Another popular use case is limiting the number of items the Query function returns. We can do that as shown below.

def query_data_with_limit():
    response = orders_table.query(
        KeyConditionExpression="order_id = :id and order_date between :dt1 and :dt2",
        ExpressionAttributeValues={
            ":id": "ord100",
            ":dt1": "2022-06-28",
            ":dt2": "2022-06-30",
        },
        Limit=1,
    )

    pprint(response["Items"])

    # output
    """
    [{'item_count': Decimal('50'),
      'order_date': '2022-06-28',
      'order_id': 'ord100'}]
    """

Pagination with DynamoDB query

We can also use pagination with our DynamoDB queries. Let us look at the example below.
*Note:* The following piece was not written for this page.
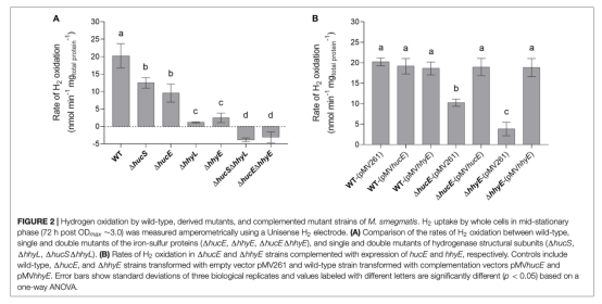 這篇論文研究了好氧土壤細菌通過氧化大氣分子氫(H2)來維持持久存在的機制,重點關注Mycobacterium smegmatis中的兩種[NiFe]-氫化酶Huc和Hhy。摘要指出,大氣H2氧化是生物地球化學氫循環的主要匯,支持貧營養生態系統的生產力。在M. smegmatis中,H2氧化由Huc(group 2a)和Hhy(group 1h)氫化酶催化,但電子傳遞機制尚不明確。研究通過遺傳方法證實,氫化酶操縱子上編碼的推定鐵硫蛋白HucE和HhyE是H2消耗所必需的。序列分析顯示這些蛋白雖同源但屬不同系統發育分支,具有不同金屬結合 motif。缺失這些基因會減少或消除H2氧化,并輕微但顯著降低生長產量和長期生存。生化和表型分析表明,缺失這些蛋白的突變體與氫化酶結構亞基突變體相似。作者假設這些蛋白介導電子從氫化酶到呼吸鏈 menaquinone 池的傳遞,但其他角色(如成熟)也可能。這些蛋白的保守性表明它們是大氣H2氧化的重要決定因素。

def query_data_with_pagination():
    response = orders_table.query(
        KeyConditionExpression="order_id = :id and order_date between :dt1 and :dt2",
        ExpressionAttributeValues={
            ":id": "ord100",
            ":dt1": "2022-06-28",
            ":dt2": "2022-06-30",
        },
        Limit=1,
    )
    pprint(response["Items"])
    while response.get("LastEvaluatedKey"):
        response = orders_table.query(
            ExclusiveStartKey=response.get("LastEvaluatedKey"),
            KeyConditionExpression="order_id = :id and order_date between :dt1 and :dt2",
            ExpressionAttributeValues={
                ":id": "ord100",
                ":dt1": "2022-06-28",
                ":dt2": "2022-06-30",
            },
            Limit=1,
        )
        print("### New Call ###")
        pprint(response["Items"])

    # output
    """
    [{'item_count': Decimal('50'),
      'order_date': '2022-06-28',
      'order_id': 'ord100'}]
    ### New Call ###
    [{'item_count': Decimal('49'),
      'order_date': '2022-06-29',
      'order_id': 'ord100'}]
    ### New Call ###
    [{'item_count': Decimal('48'),
      'order_date': '2022-06-30',
      'order_id': 'ord100'}]
    """

In the above code,

  1. First, we query and get 1 item back ( as we have set a limit of 1)
  2. If there are more items we can fetch using the same query, a response will have the LastEvaluatedKey parameter.
  3. We can use a value from LastEvaluatedKey, to start our query from an item we have already received.
  4. We will keep querying for data until there is no LastEvaluatedKey in response, signaling that all items matching the current query have been fetched.

Conclusion

In this blog, we have learned how to query data from the DynamoDB table. We have also learned how to filter data based on sort keys and how to sort and use limit and pagination with DynamoDB query. In the next blog, we will learn how to update items in DynamoDB. See you there.